In the following link, you sheepishly talk about "cream cheese icing" being shelf-stable in your state, but don't force the FDA and other government sites on the other poster here, who (God forbid!) says that cream cheese American icing is shelf-stable in other states ('cause you're always sucking up to that poster).

But on this other thread, you push the FDA rule on other people.

No, I don't belong to that "group" who disagrees with what you say. You came to this thread to disagree with me, and not in a nice way.

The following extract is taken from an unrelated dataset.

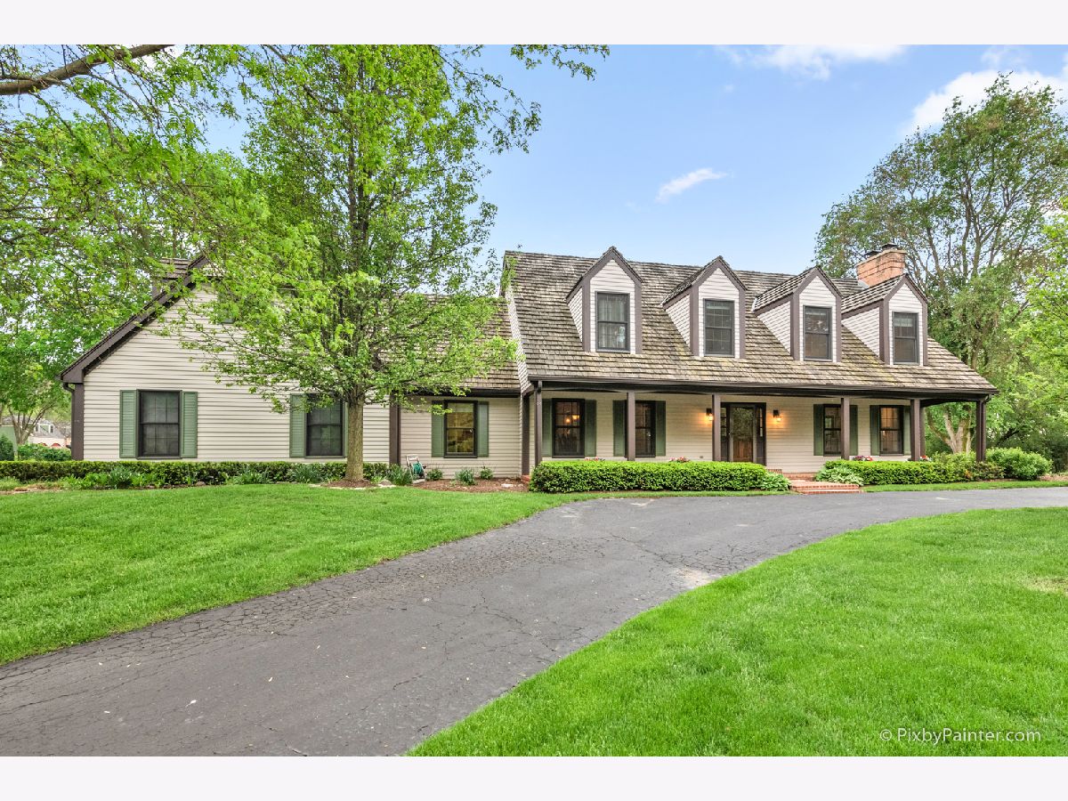 Beautiful Cape Cod style home with circular drive on gorgeous 1 acre site surrounded by mature trees in desirable Country Club Estates. 4 Bedrooms plus first floor office. Huge bonus room with private bath (could be 5th bedroom suite). Gorgeous newer wide plank hardwood flooring. Remodeled island kitchen with high end appliances including commercial grade 6 burner Wolf stove w/griddle. Master suite with his & her walk-in closets and remodeled bath 2016 with double sinks and separate shower. Full basement includes really cool art deco/retro style bar, full bath and tons of storage. Front and back staircase. Spacious room sizes throughout. Large 1st Floor laundry room. 3C side load Garage. Enjoy relaxing on the huge front porch or expansive rear deck overlooking private backyard. Newer wooden windows throughout. Zoned HVAC 2010. Award winning district #220 including blue ribbon Elementary. Voluntary membership to Tower Lakes amenities include: lake w/life gaurded beach & tennis courts
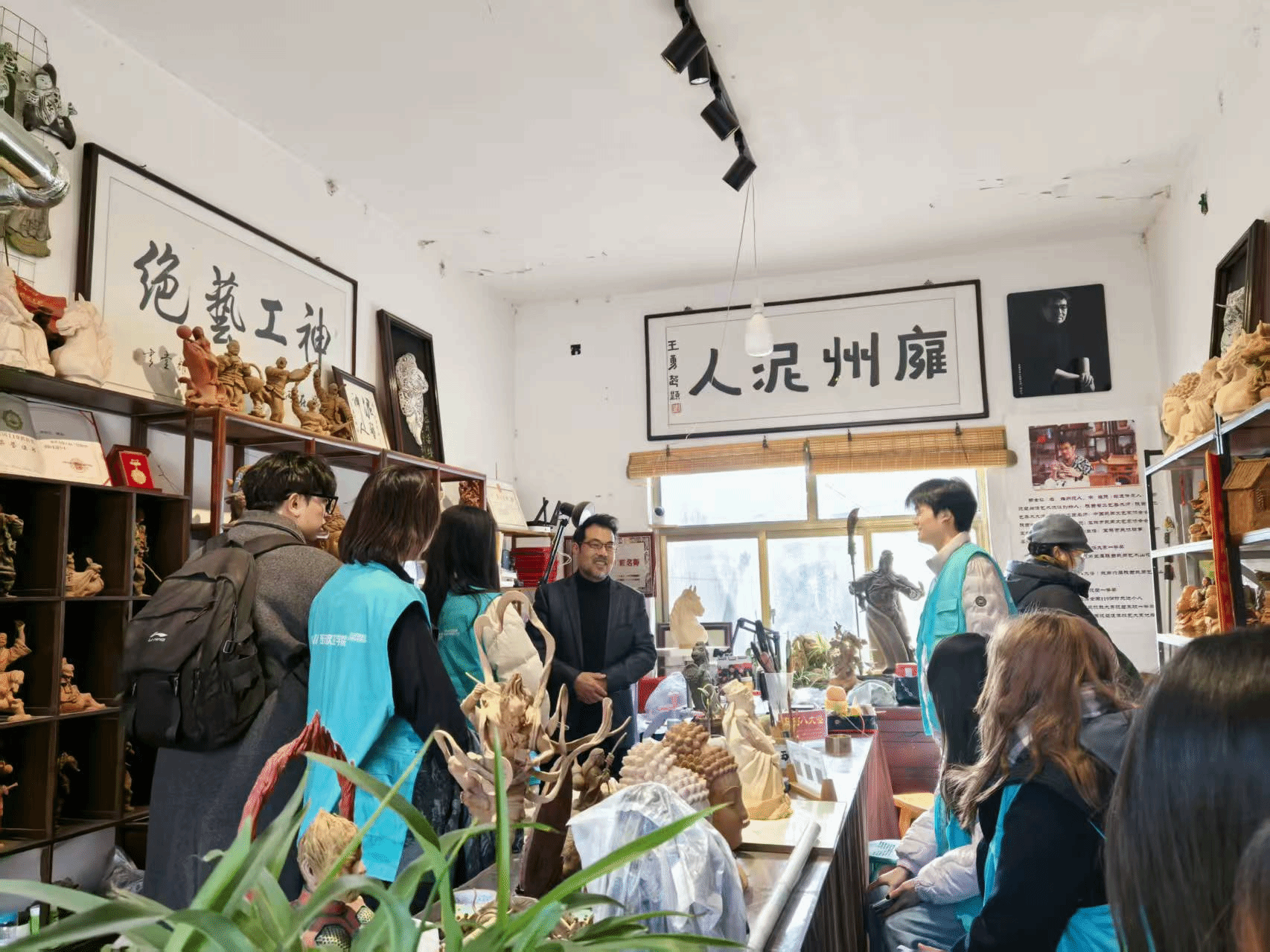 虽然六营村被称为“第一村”但其实它并不算大。仅有八百余户人家,却有四分之一的村民投身泥塑生产。村内泥塑广场、博物馆与非遗传承人作坊沿中轴线依次排布,处处弥漫着浓郁的匠心气息。团队成员沿村中主干道同步开展走访,力求从多维度、多视角解锁这门质朴而多彩的民间艺术的独特魅力。

Maybe I can't seem to find the FDA regulations on dulce de leche because I don't have your Super Google. Remember this strange thread where you seem to have a search engine with extra powers and found links for FromScratchSF white cake that was famous the world over (sucking up again) and where you found the treatments (probably not known to the doctors!) to save your grandmother from dying. Yet nobody else could get to this info. This is actually a pretty crazy story and if I had been you, I would have taken a plane there if it meant to save a human being.

I could go on. Yes, info on the web never gets lost, it's all searchable. Now I'm really getting out of this thread. I won't come back no matter what you say. I know you always like to have the last word. Hope the OP made a delicious cake.
post #12 of 23
Vpjane, wrong again in your support of my writings. I have never said that cream cheese is shelf stable. And it has never been stable in my two states. FromScratch, I believe, wrote that about her state and costumeczar commented.

Don't spar with a fact checker if you don't check your facts.

Sorry, not letting you propogate misinformation on the unknowing, but trusting CC members and any other search result inquiry.
post #13 of 23
People suck up to me? icon_eek.gificon_eek.gif

So... back on topic, I've made dulce de leche... 1st time I did the full can submersion. It literally exploded all over the kitchen when I went to open it. What I scraped off the walls was very, very tasty!

Next time I poked a hole in the top of the can and did the 1/2 submersion method. Also pretty tasty.

Then I realized they sell it premade in the can. So I did some math: A buck fifty and 3-4 hours in the kitchen boiling cans.... or buying it premade in a can for three bucks? Yeah, the premade wins. icon_biggrin.gif

Without debating state law or whatever, it's a lot of dairy. Sure, it's sweetened but it's still a lot of milk. I wouldn't use it if I knew the cake wasn't going to be refrigerated at all. I'd make a regular caramel sauce and call it "dule de leche". Chances are in a cake nobody would know the difference.
post #14 of 23
I have made the dulce de leche with a condensed milk submerged in a pot of water, which tasted exactly the same as the stuff from Nestles (I got my can of dulce de leche from Argentina). It never exploded, but you do have to follow one rule. Never open it while it is hot....or even warm. I lie....I did have it expolde once, cause I wanted to taste it while it was warm.
Side note
scp, sometimes translation gets lost in the web. While I don't think you were trying to be bitch, you did sound kind of bitchy. I can see why VPjane did not appreciate your response. FromScratch's was non-confertional, and allowed the OP to research and gather information. VPjane might have rethought the situation also. Sometimes it's not what you say, it's the way you say it.
Hope your dulce de leche turns out awesome.
post #15 of 23
You can make it in the oven with out boiling the tin. I do use the tin.
I have used it as a layer in my sons Ninjago head and my mother in laws cake, it really adds the moistness.